The Pulse of Ecstasy

Posted in Sacred Intimacy

I’ve been thinking about intensity, in the awful intensity of these times. I wonder if there’s any wisdom in what I’ve learned.

Many years ago, when I was training, intensity was our method. We were taught to push fast into powerful altered states. Such states are actually quite easy to generate — through breath, touch, emotional activation, group process. They feel powerful, transformative, compelling.

Indeed, the neuroscience we later learned revealed that experiences of companioned, purposeful intensity can reopen neural learning windows. They can melt rigid identity, destabilize the trance of normal, and make the impossible feel possible. In the context of a loving community of practice devoted to personal and social liberation, many of us found our way to profound healing and well-being.

But—I see right-wing demagogues and irresponsible gurus employing these same tactics. The neuroendocrine states that emerge with companioned, purposeful intensity make people vulnerable to entrainment with charismatic authority. We become highly suggestible. The risk of retraumatization and boundary violations increases. This isn’t incidental — it’s structural.

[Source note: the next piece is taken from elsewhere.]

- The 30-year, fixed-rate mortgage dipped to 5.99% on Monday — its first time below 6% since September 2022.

Psychedelics are certainly not necessary to access these altered neuroendocrine states. But when they get added to the mix, these vulnerabilities get instant and amplified.

Does this mean we must avoid high-intensity experiences in order to stay safe, and defend against all trauma triggers? I see left-wing collectives and careful teachers of trauma preaching this path. And as much as I have learned from concepts like “Window of Tolerance” and “secure attachment,” I observe that such understandings and practices can keep us cowering in a very constricted part of our nervous systems.

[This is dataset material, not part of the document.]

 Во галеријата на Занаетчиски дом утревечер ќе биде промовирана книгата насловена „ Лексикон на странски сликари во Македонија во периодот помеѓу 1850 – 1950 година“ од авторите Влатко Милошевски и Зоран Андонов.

What I learned, instead, was we can be guided into better relationship with intensity through a path of trauma-aware ecstasy.

The word ecstasy comes from the Greek ekstasis — stepping outside the fixed. We move beyond the small defended self and feel held in a wider field of mystery and transpersonal belonging.

 

Caffyn looking contemplatively at three burning candlesSometimes ecstasy arrives as vivid, hallucinatory experiences of unity with all that is. But often it comes quietly — a deepened breath, a widening of perception, a felt sense of interbeing that is intimate rather than cosmic. Big, loud, long ecstatic states are not inherently more transformative than small and subtle ones. Volume and velocity don’t mean salience. A trauma survivor’s peak experience of shyly asking for wanted touch is as ecstatic as someone else’s thirty-minute orgasm.

Some people have nervous systems that genuinely thrive at higher amplitudes and frequencies of intensity. For them, deep activation, edge-work, and sustained charge are enlivening. For others, the same conditions are dysregulating. The question is whether a peak experience of intensity can be held within a rhythm that supports joy, satisfaction, integration, agency, and belonging.

We grow nervous-system capacity by exploring ecstasy in non-habitual ways. That might mean lingering in enoughness and discovering quieter paths to ecstasy, or spending time in amplified aliveness and courageous edge-walking. When learning unfolds at the pace of trust — with a just-right blend of challenge and support — we flourish.

A rhythm of escalation → peak intensity → crash entrains us to a stimulation–burnout cycle — a boom–bust pattern that ultimately poisons sacred ceremony. Contraction from the non-ordinary consciousness that unfolds with companioned, purposeful intensity confines our souls and societies to mediocrities.

Ecstasy is how intense peak experiences exist within a rhythm:

ecstasy → satisfaction → integration → deepened belonging → renewed longing, with expanded capacity for ecstasy.

This rhythm aligns us with the oscillating systems that shape the cosmos: neural firing, cardiac variability, ecological cycles, cosmic microwave background rhythms. It is a recalibration to the pulse of the universe.